TVP3 Katowice a.k.a. TV Katowice also Television Katowice is one of the regional branches of the TVP, Poland's public television broadcaster. It serves the entire Silesian Voivodeship with particular dedication to the Metropolis GZM and Katowice metropolitan area.

==History==
Telewizja Katowice opened on 3 December 1957 at 4pm, covering much of southern Poland, as well as parts of Czechoslovakia via overspill.

The channel was one of the nine regional TVP3 stations that converted to high definition on 15 December 2023. As an effect of the 2023 Polish public media crisis, TVP3 Katowice was suspended on 20 December 2023, being replaced by TVP2 in the interim; the station restarted on 26 December.

== Languages ==
Generally, broadcasts are conducted in Polish. Some broadcasts are conducted in the Silesian language (example U nos w Bytkowie, Patefon ujka Ericha, Holy War) and some in German (example Schlesien Journal).

== Broadcast area ==
Broadcast area: generally Upper Silesia - mainly Silesian Voivodeship and Opole Voivodeship, small parts (about 1/4) of Lesser Poland Voivodeship, very small part of Łódź Voivodeship and Świętokrzyskie Voivodeship in Poland, and also very small part of Moravian-Silesian Region in Czech Republic and very small part of Slovakia (north-western part of Žilina Region).

== Terrestrial transmitters and editorial offices==
The TV center is located in Katowice, Television street no 1 in main part of Metropolis GZM. The main tower has a height of 90 meters.

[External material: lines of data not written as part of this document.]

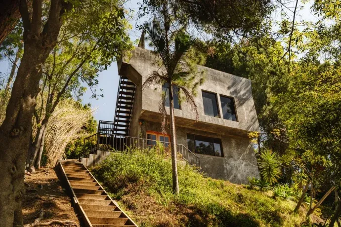 He brutalist and modern style From the mid -twentieth century it crosses all the property. The large concrete blocks in Zig Zag are part of both exterior and interior areas. The facade on the other hand is covered in pink concrete. The windows are very wide, so they allow the interior to merge with the natural environment of the hill, generating a continuity between open and internal spaces.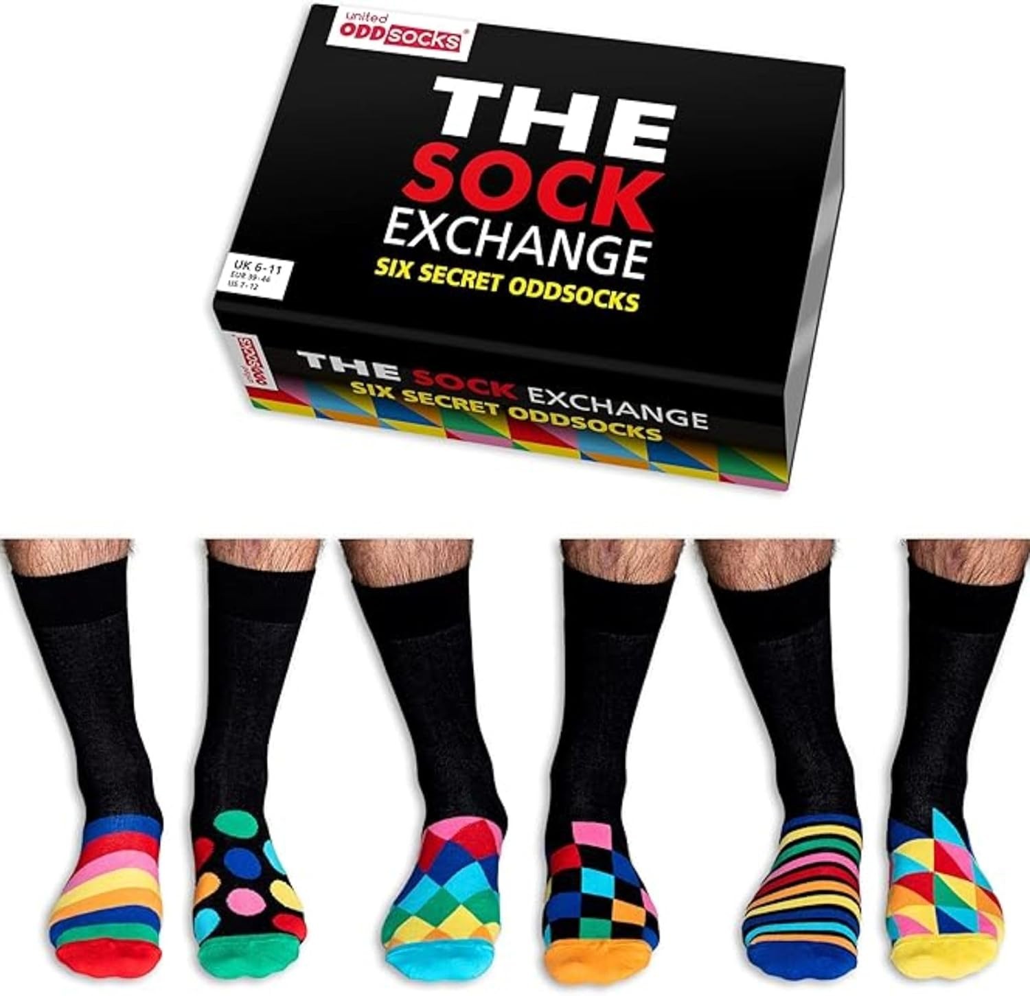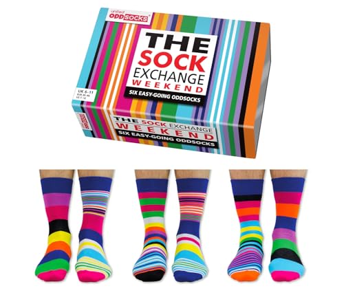 United Oddsocks The Sock Exchange Weekend Gift Box – 6 Colourful Easy-Going Mix & Match Odd Socks for Men – UK 6–11, EUR 39–46, US 7–12 – Fun Striped Novelty Socks Gift for Birthdays & Weekends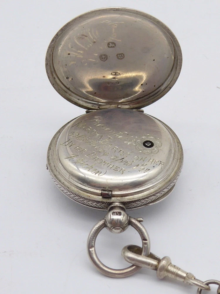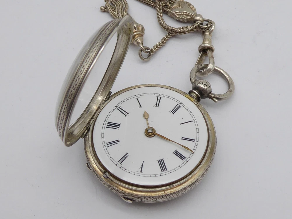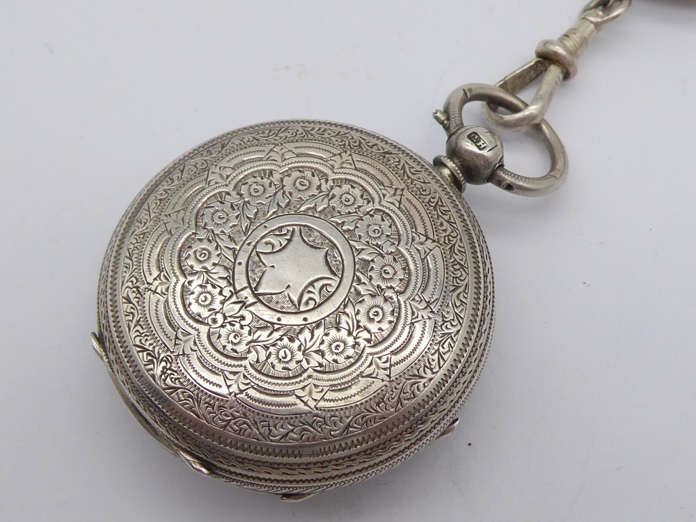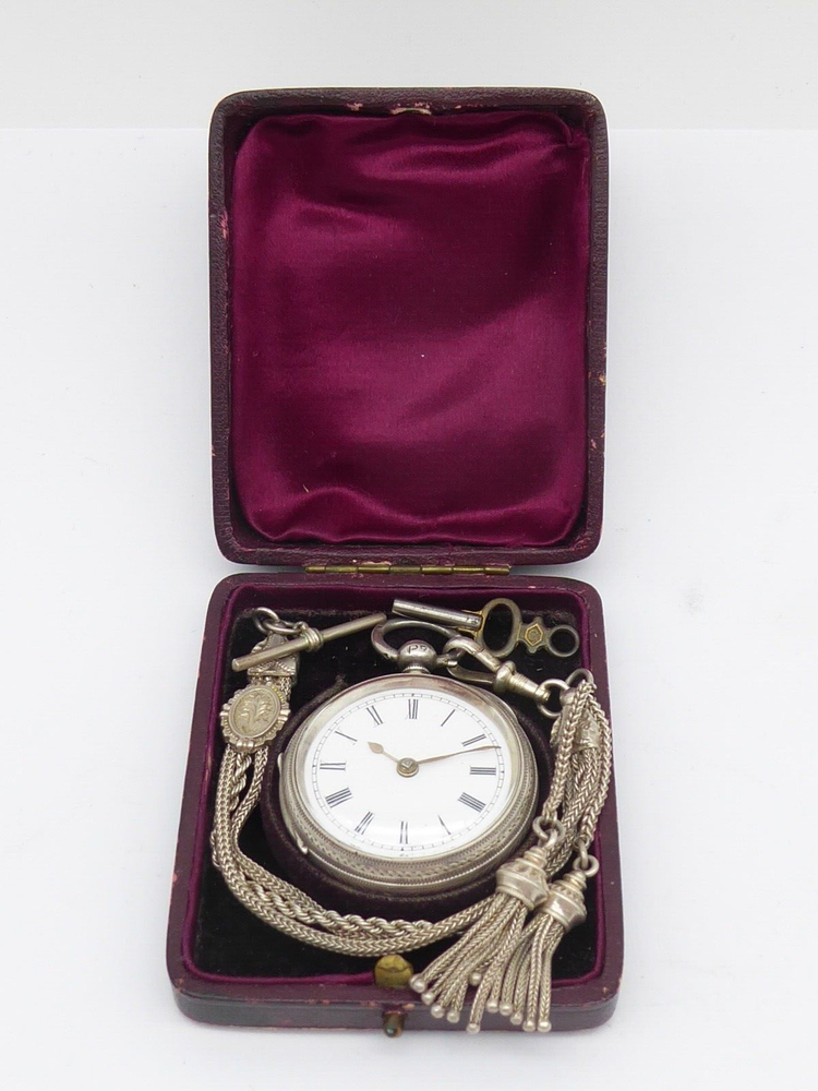 Offered for auction is a superb antique Victorian ladies solid sterling silver fob / pocket watch with Albertina in box. The watch is hallmarked for Birmingham 1896 by William Ehrhardt. A Fine quality example with beautiful engraved decoration to the case. The Albertina is unmarked but tested as silver and has two tassel fobs attatched. The watch comes with key. The watch measures approx. 41 mm wide. The Albertina is approx. 22.5 cm long including tassels Thanks for looking, please check out my other items and add me to your favourite sellers for similar items listed every week Please note all items are listed for auction without reserve and with no buy it now prices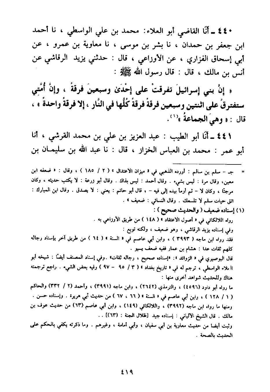 أنا الْقَاضِي أَبُو الْعَلَاءِ , مُحَمَّدُ بْنُ عَلِيٍّ الْوَاسِطِيُّ , نا أَحْمَدُ بْنُ جَعْفَرِ بْنِ حَمْدَانَ , نا بِشْرُ بْنُ مُوسَى , نا مُعَاوِيَةُ بْنُ عَمْرٍو , عَنْ أَبِي إِسْحَاقَ الْفَزَارِيِّ , عَنِ الْأَوْزَاعِيِّ , قَالَ: حَدَّثَنِي يَزِيدُ الرَّقَاشِيُّ , عَنْ أَنَسِ بْنِ مَالِكٍ , قَالَ: قَالَ رَسُولُ اللَّهِ صَلَّى اللهُ عَلَيْهِ وَسَلَّمَ: «إِنَّ بَنِي إِسْرَائِيلَ تَفَرَّقَتْ عَلَى إِحْدَى وَسَبْعِينَ فِرْقَةً , وَإِنَّ أُمَّتِي سَتَفْتَرِقُ عَلَى اثْنَتَيْنِ وَسَبْعِينَ فِرْقَةً كُلُّهَا فِي النَّارِ , إِلَّا فِرْقَةٌ وَاحِدَةٌ» قَالَ: «وَهِيَ الْجَمَاعَةُ»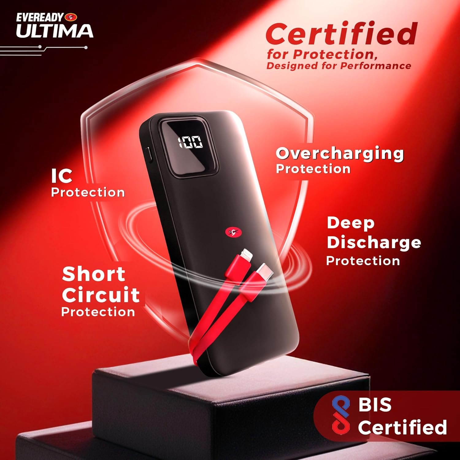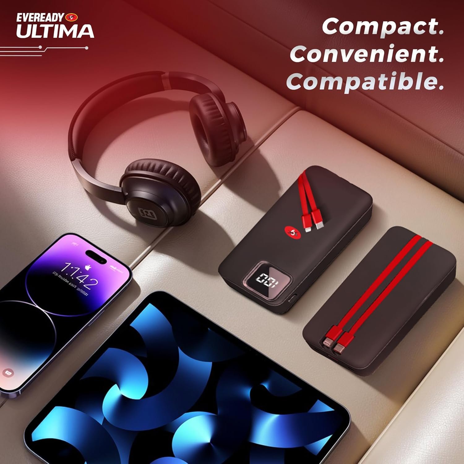 Really impressed with the Eveready Ultima PB10. The built-in cables are super handy—no more forgetting to pack extras. Charges my phone fast with the 22.5W output, and the digital battery display is a nice touch. It’s compact, feels solid, and works well with all my devices. Great value for a 10,000 mAh power bank with multiple safety features!

The secondary transmitter lies in Kosztowy - district of Mysłowice (suburb of Katowice), which has a height of 355 meters (the second tallest radio mast in Poland). Beyond this the signal is repeated by six more transmitters. Local redaction section (editorial offices) are found in Rybnik, Bielsko-Biała and Częstochowa.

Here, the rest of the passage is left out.